5. According to a new report, good evidence on the safety of silicone gel breast implants is still lacking almost 10 years after they were reintroduced to the U.S. market. “I’m gathering data as fast as I can,” said Bill Clinton.

6. On Monday, Republican presidential candidate Jeb Bush told the Huffington Post that, if given the opportunity, he would go back in time and kill baby Hitler. And, to make his life a little easier today, he would also go back in time and vote for Gore.

7. In what many called a surprise win, Filipina Trixie Maristela was crowned Miss International Queen 2015 at a contest in Thailand billed as the world’s largest transgender pageant. Although no one was as surprised as Trixie’s longtime boyfriend, Mark.

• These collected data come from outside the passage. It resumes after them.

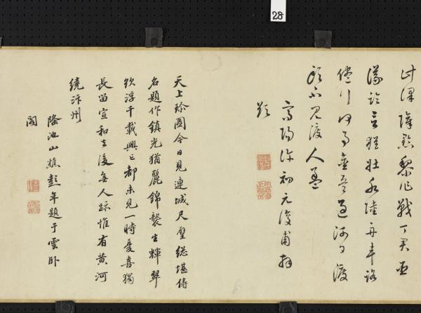 天上珍圖今日見。連城尺璧總堪儔。名題作鎮光猶麗。錦襲生輝翠欲浮。千載興亡都未見。一時憂喜獨長留。宣和去後無人跡。惟有黃河繞汴州。隆池山樵彭年題于雲臥閣。 |
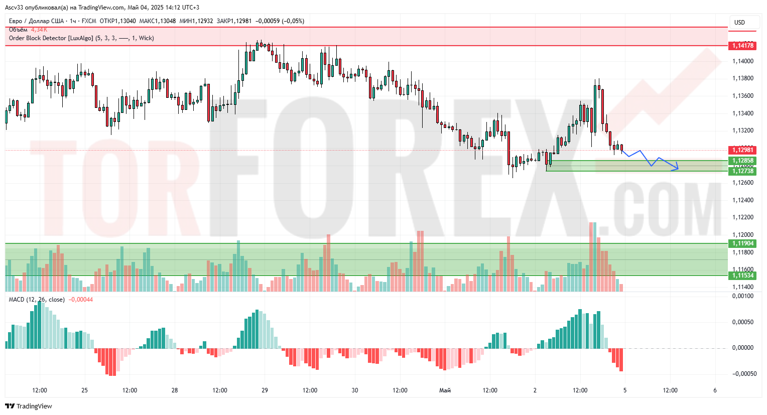 После коррекционного роста к уровню 1,1378 пара EUR/USD развернулась вниз и пробила локальную поддержку. Сейчас цена тестирует область 1,1285–1,1273 — зону, которая ранее выступала в роли поддержки. Давление продавцов сохраняется, о чём свидетельствует резкое снижение объемов на попытке восстановления и отрицательная динамика MACD.
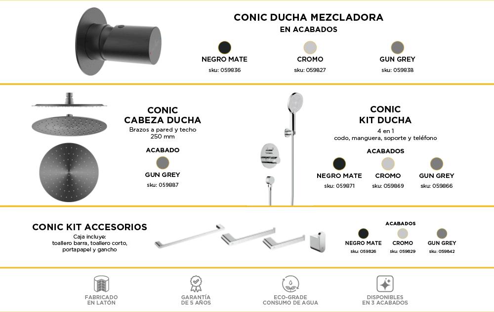 Diseño minimalista y moderno, con líneas estilizadas, que ofrece una gama de acabados especiales para darle vida a tus ambientes de baño
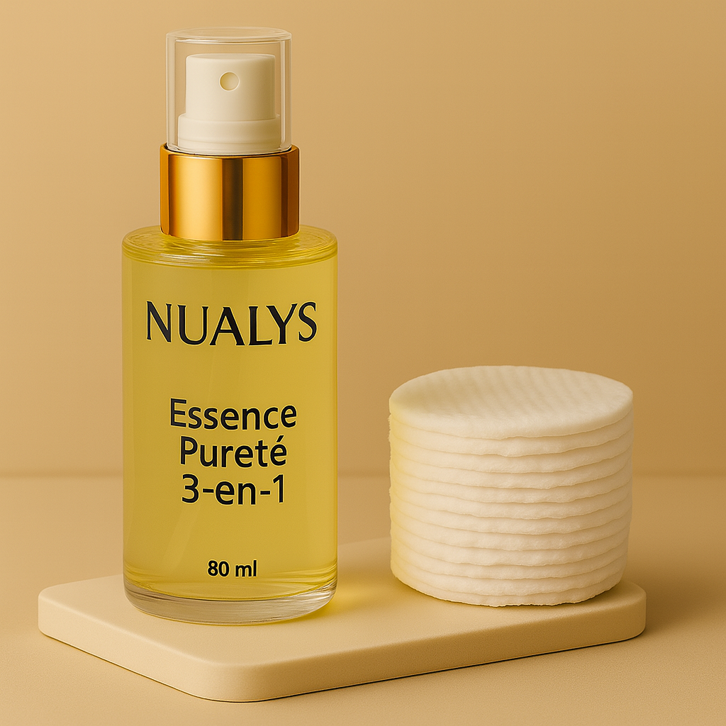 La Lotion Essence Pureté 3-en-1 purifie, lisse et illumine instantanément la peau.
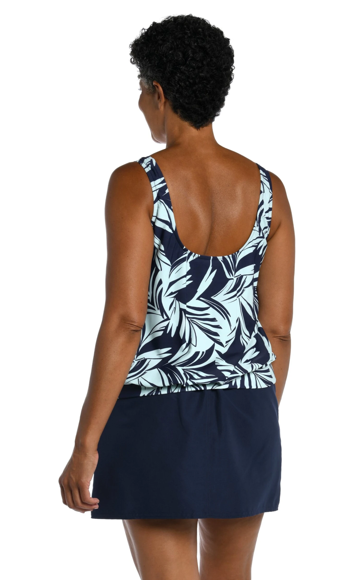 Palm fronds in a contrasting yet complementary blue hue offer a sophisticated update to the tropical-inspired print on this tankini. The loose-fitting blouson style masks the tummy area, while the side-tie detail adds a flirty touch. Built-in cups and over-the-shoulder straps lift and support the bustline.
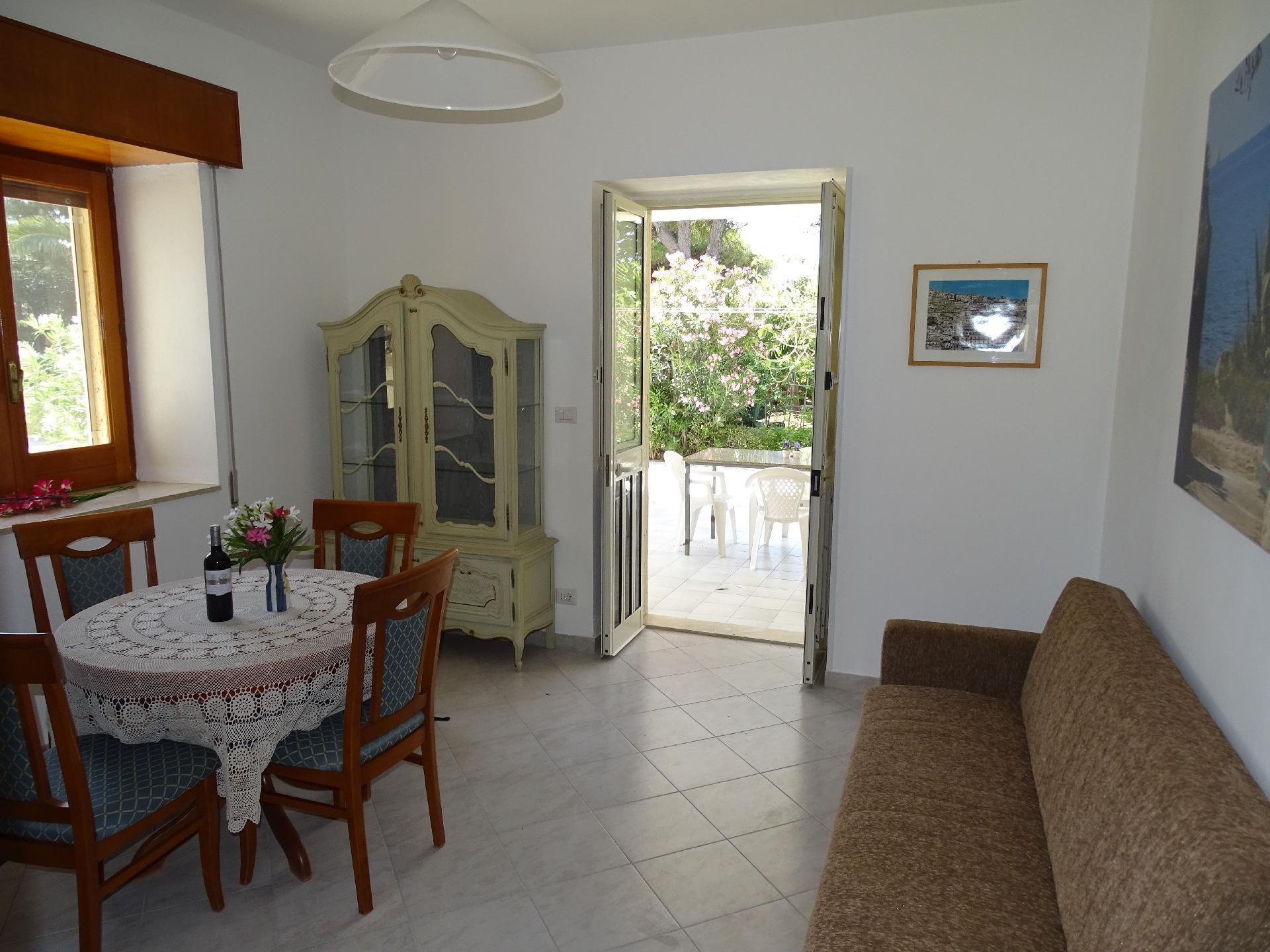 VACATION APARTMENT BY THE SEAThe vacation apartment "Casa Matilde", together with 2 other vacation homes, is located in a typical southern garden, directly by the sea, on a small rocky reef, which can be reached through a private entrance. The vacation house is surrounded by numerous pine trees, cacti, carob and eucalyptus trees, as well as flowering oleander and hibiscus bushes.
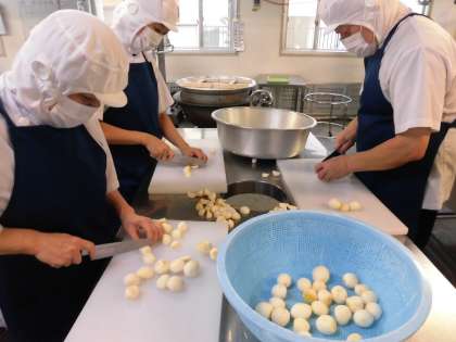さといもが煮物にはいっています。さといもは、皮をむくとぬるぬるしているので、切りにくいですが、この時期のさといもはとてもほくほくしていておいしいです。

8. 50-year-old retired wrestler Stone Cold Steve Austin told the Dallas Morning News he could quarterback the Cowboys until Tony Romo return from injury. And, in future news, New York Giant quarterback Eli Manning is out with a concussion after he rolled out on a 3rd and long and was hit over the head with a folding chair.

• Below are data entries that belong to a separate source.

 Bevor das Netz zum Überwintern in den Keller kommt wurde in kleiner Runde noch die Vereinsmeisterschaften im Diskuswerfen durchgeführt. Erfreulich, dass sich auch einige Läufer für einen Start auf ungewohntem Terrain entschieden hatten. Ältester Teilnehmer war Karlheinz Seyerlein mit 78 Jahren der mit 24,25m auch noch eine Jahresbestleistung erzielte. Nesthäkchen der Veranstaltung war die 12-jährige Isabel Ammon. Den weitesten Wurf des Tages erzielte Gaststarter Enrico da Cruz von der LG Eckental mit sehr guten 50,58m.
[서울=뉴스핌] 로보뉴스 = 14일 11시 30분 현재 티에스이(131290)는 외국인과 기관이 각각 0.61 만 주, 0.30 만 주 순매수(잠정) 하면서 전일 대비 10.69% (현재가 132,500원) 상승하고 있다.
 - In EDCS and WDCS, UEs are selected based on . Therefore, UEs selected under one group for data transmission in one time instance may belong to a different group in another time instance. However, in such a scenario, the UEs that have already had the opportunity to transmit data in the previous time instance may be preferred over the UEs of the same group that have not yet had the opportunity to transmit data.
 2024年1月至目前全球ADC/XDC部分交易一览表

9. Iran’s supreme leader Ayatollah Ali Khamenei clarified the meaning of the common chant “Death to America,” saying that it does not mean death to America but instead refers to America’s policies. Kinda like how you’ve stopped trying to correct your grandpa when he says something racist in favor of just waiting for him to die.

10. In a recent interview, Joe Lacob, owner of the Golden State Warriors, implied that he and his wife involved the team’s recent NBA championship trophy in their sex life. Lacob said it’s insurance that if at some point in the future the NBA determines the team cheated and wants to expunge their championship from the record books, they won’t ask for the trophy back.